Vender muito não significa ganhar dinheiro.
Essa é uma das armadilhas mais comuns na gestão de pequenas e médias empresas. O faturamento cresce, o volume de vendas aumenta e a sensação é de que o negócio está evoluindo.
Mas, quando se observa o resultado financeiro com mais atenção, a realidade pode ser diferente.
Empresas podem operar com vendas consistentes e, ainda assim, enfrentar dificuldades para gerar lucro, manter capital de giro ou sustentar crescimento.
Em muitos casos, o problema não está na demanda.
Está no preço.
A precificação é uma das decisões financeiras mais importantes dentro de uma empresa. Quando ela é baseada apenas em percepção, concorrência ou tentativa de acompanhar o mercado, o resultado pode ser uma estrutura financeira frágil.
Preço não é apenas uma estratégia comercial.
É uma decisão financeira que impacta diretamente a sustentabilidade do negócio.
O erro mais comum na formação de preços
Muitas empresas definem preços com base em referências externas ou percepções de mercado.
É comum que a decisão considere fatores como:
- O preço praticado pelos concorrentes
- O valor que o cliente aparenta aceitar
- A necessidade de aumentar vendas rapidamente
- A tentativa de posicionamento comercial
Embora esses fatores façam parte do contexto de mercado, eles não podem ser o único critério para definir preços.
Quando a precificação ignora a estrutura financeira da empresa, o negócio pode aumentar o volume de vendas e, ainda assim, comprometer sua rentabilidade.
Esse é um dos motivos pelos quais algumas empresas crescem em faturamento, mas continuam operando com margens muito apertadas.
O que deveria entrar na formação do preço
Uma precificação financeiramente saudável precisa considerar diversos elementos internos do negócio.

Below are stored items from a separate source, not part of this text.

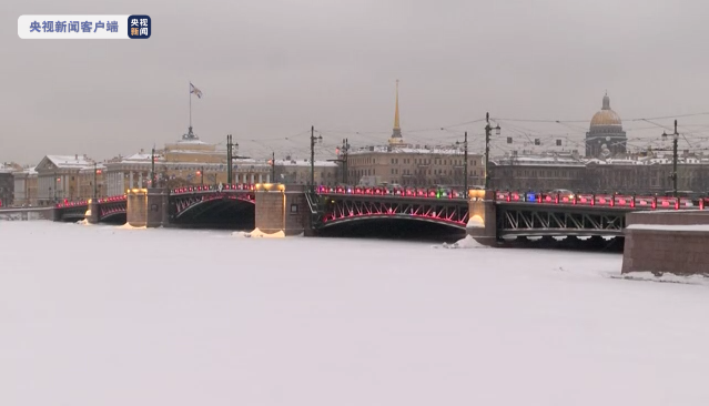 当地时间1月31日17时,俄罗斯圣彼得堡市中心涅瓦河上的地标性建筑冬宫桥以一袭中国红点亮城市的夜色,向即将到来的中国农历虎年春节致贺。
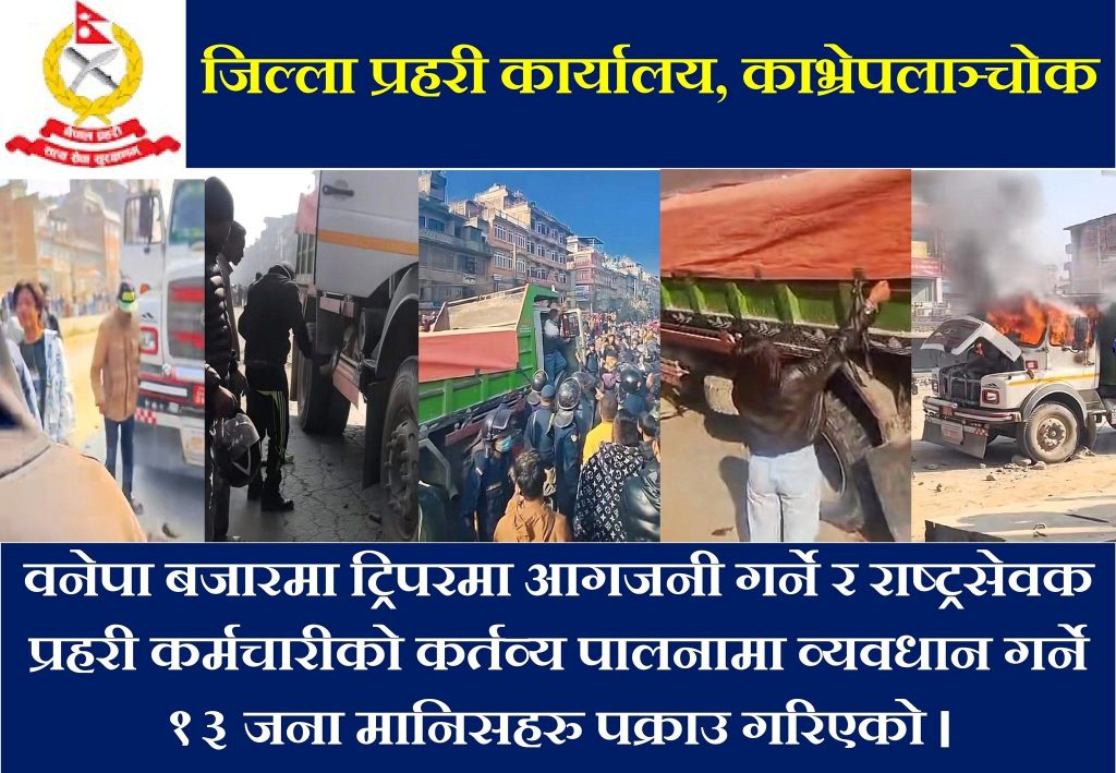 बनेपाबाट साँगातर्फ गइरहेको बा.प्र.०१–००४ क ३४२३ नम्बरको टिपरले सोही दिशातर्फ गइरहेको बा.प्र.०२–०६३ प ९१८९ नम्बरको स्कुटरलाई ठक्कर दिँदा एक जनाको मृत्यु भएको थियो । दुर्घटनामा स्कुटर चालक धुलिखेल नगरपालिका–५ का ३० वर्षिय ओमन प्रधानको मृत्यु भएपछि आक्राशित भिडले टिपरमा आगजनी गराएका थिए । साथै अनुसन्धानका लागि खटिएको प्रहरी टोलीमाथि ढुंगामुढा गरी अनुसन्धान कार्यमा अवरोध पनि गरेका थिए । सो टिपरमा आगजनी गरी क्षति पुर्याउने १३ जना पक्राउ परेका हुन् ।
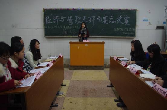 2014年11月10日晚上8点,经济与管理系举行的辩题为“当代大学生在学校深造好,还是在社会深造好”的辩论赛总决赛在教学楼北316教室圆满落幕。
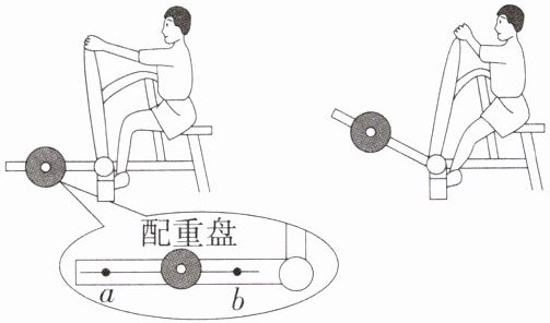 变小 a 解析 由题意知,人用始终与把手垂直的力缓慢向后将把手拉至身体两侧,动力臂不变,阻力大小等于配重盘的重力,即阻力不变,转动过程中阻力臂会变小,根据杠杆的平衡条件知,拉力会变小;若要增加训练强度,应将配重盘向a端移动,增大阻力臂。

Entre os principais fatores estão:
- Custos variáveis envolvidos na produção ou venda
- Participação dos custos fixos na operação
- Margem necessária para sustentar o negócio
- Incidência de impostos
- Riscos associados à atividade
Ignorar qualquer um desses fatores pode distorcer o preço final.
Quando o preço não cobre adequadamente os custos e a margem necessária, a empresa pode operar com grande volume de vendas e, ainda assim, gerar pouco resultado financeiro.
Nesse cenário, o crescimento passa a exigir cada vez mais esforço operacional, sem necessariamente melhorar a rentabilidade.
O impacto da precificação na estrutura financeira
O preço influencia diretamente diversos indicadores financeiros da empresa.
Uma estrutura de precificação mal definida pode afetar:
- A margem líquida do negócio
- A capacidade de gerar capital de giro
- O ponto de equilíbrio da operação
- A sustentabilidade do crescimento
Empresas com preços muito comprimidos precisam vender volumes maiores apenas para manter a operação funcionando.
Isso aumenta a pressão sobre estoque, logística, equipe e capital de giro.
Quando o preço é definido com base em dados financeiros, a empresa consegue alinhar volume de vendas com geração de resultado.
Onde os dados entram nesse processo
A precificação não precisa ser baseada em tentativa e erro.
Dados financeiros permitem estruturar decisões mais consistentes.
Ao analisar custos, margens e impacto no fluxo de caixa, a empresa pode simular diferentes cenários e avaliar como mudanças de preço afetam o resultado.
Ferramentas como o Excel permitem organizar essas análises, comparando cenários e identificando a estrutura de preço mais adequada para a realidade do negócio.
Sem dados, o preço tende a ser definido por percepção.
Com dados, ele passa a ser definido por estratégia.
Conclusão
Precificar não é apenas decidir quanto cobrar.
É estruturar uma decisão que sustente o funcionamento da empresa no longo prazo.
Empresas que tratam preço apenas como ferramenta de venda correm o risco de comprometer sua rentabilidade.
Já aquelas que utilizam dados financeiros para orientar a precificação conseguem equilibrar volume de vendas, margem e crescimento.
Vender é importante.
Mas vender com margem é o que sustenta o negócio.